Las leyes de “Punto Final” y de “Obediencia Debida”, aparecían como una concesión al poder militar. Para una parte de la
ciudadanía, esas normas mostraban una seria limitación al ejercicio de las instituciones democráticas y defraudaban las
expectativas que había depositado en ellas.

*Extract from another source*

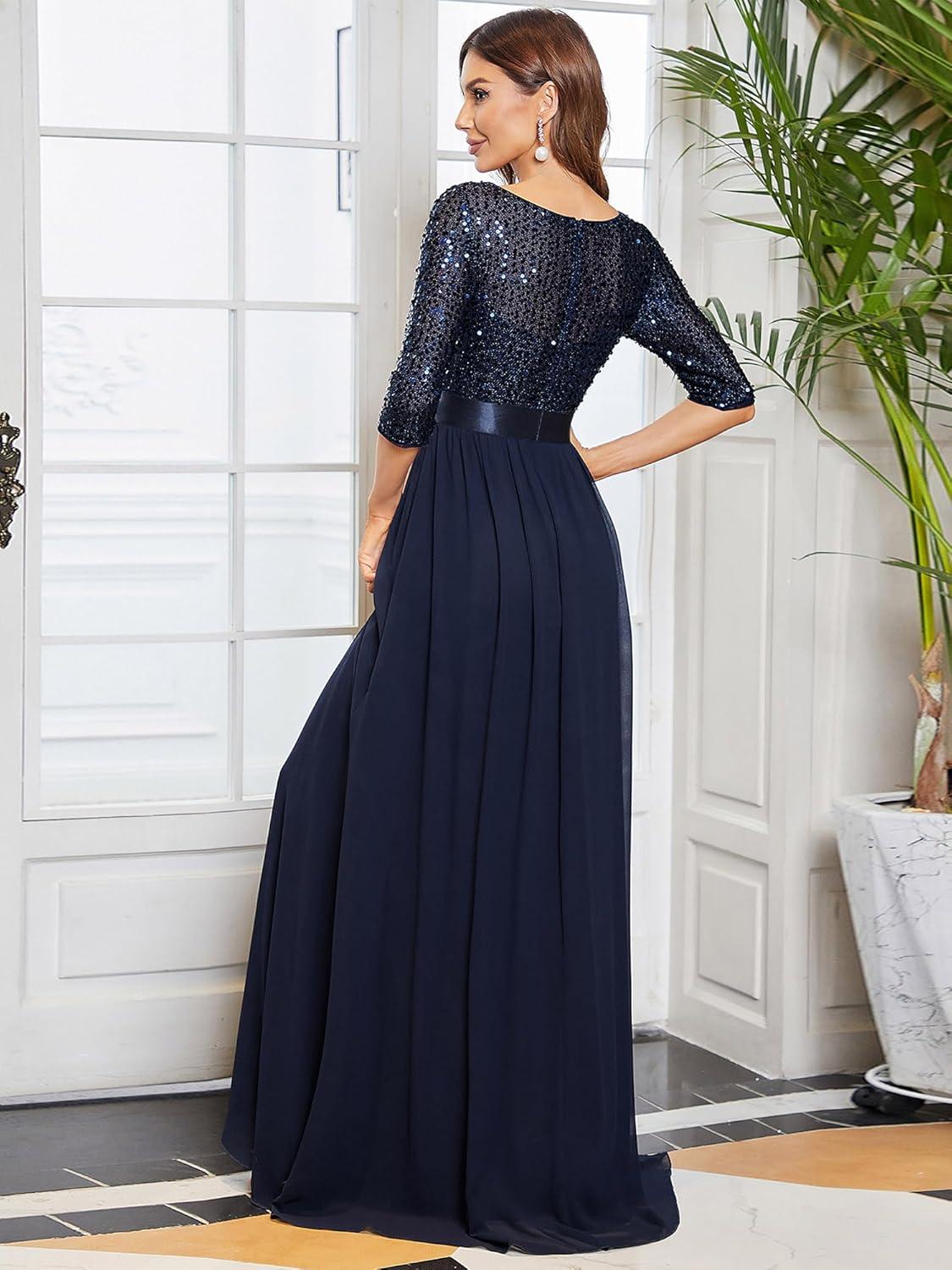 Ever-Pretty Women's Elegant A Line Crew Neck Half Sleeve Sequin Evening Dress 00683(Navy Blue)

La renovación del justicialismo

El resultado electoral de 1983 produjo crisis y realineamientos dentro del justicialismo. Si bien había sido derrotado en la elección
presidencial, el peronismo había ganado las gobernaciones de muchas provincias y obtuvo una mayoría en el Senado de la Nación.
Desde esas posiciones, un sector de la dirigencia justicialista se opuso al gobierno de Alfonsín. En ese marco, rechazó un acuerdo
de paz con Chile para terminar el conflicto por el canal Beagle, pero fue derrotado por el plebiscito realizado en 1984.
Frente a esos dirigentes, considerados los “mariscales de la derrota”, se fue organizando la llamada “renovación peronista”,
dispuesta a actuar como interlocutor del gobierno en la transición democrática. Los renovadores apostaban a la recuperación de
la política y al pluralismo partidario, mostrando un perfil modernizado. Entre sus dirigentes se destacaban Antonio Cafiero, Carlos
Saúl Menem y Eduardo Duhalde. En abril de 1988, Antonio Cafiero manifestaba: “Hay un mínimo de coincidencias básicas que los
argentinos tenemos que aceptar como inamovibles”; estas incluían el respeto a la Constitución Nacional, el pluralismo político y
la convivencia democrática. En otras palabras, los renovadores buscaban institucionalizar el peronismo como un partido
democratizado, dejando atrás sus características de movimiento. Este proceso suponía marginar de la conducción del justicialismo
Saborido: Historia argentina y latinoamericana 2

a los sectores más tradicionales y a la dirigencia sindical. Por primera vez, el sector político tomaba la conducción del justicialismo.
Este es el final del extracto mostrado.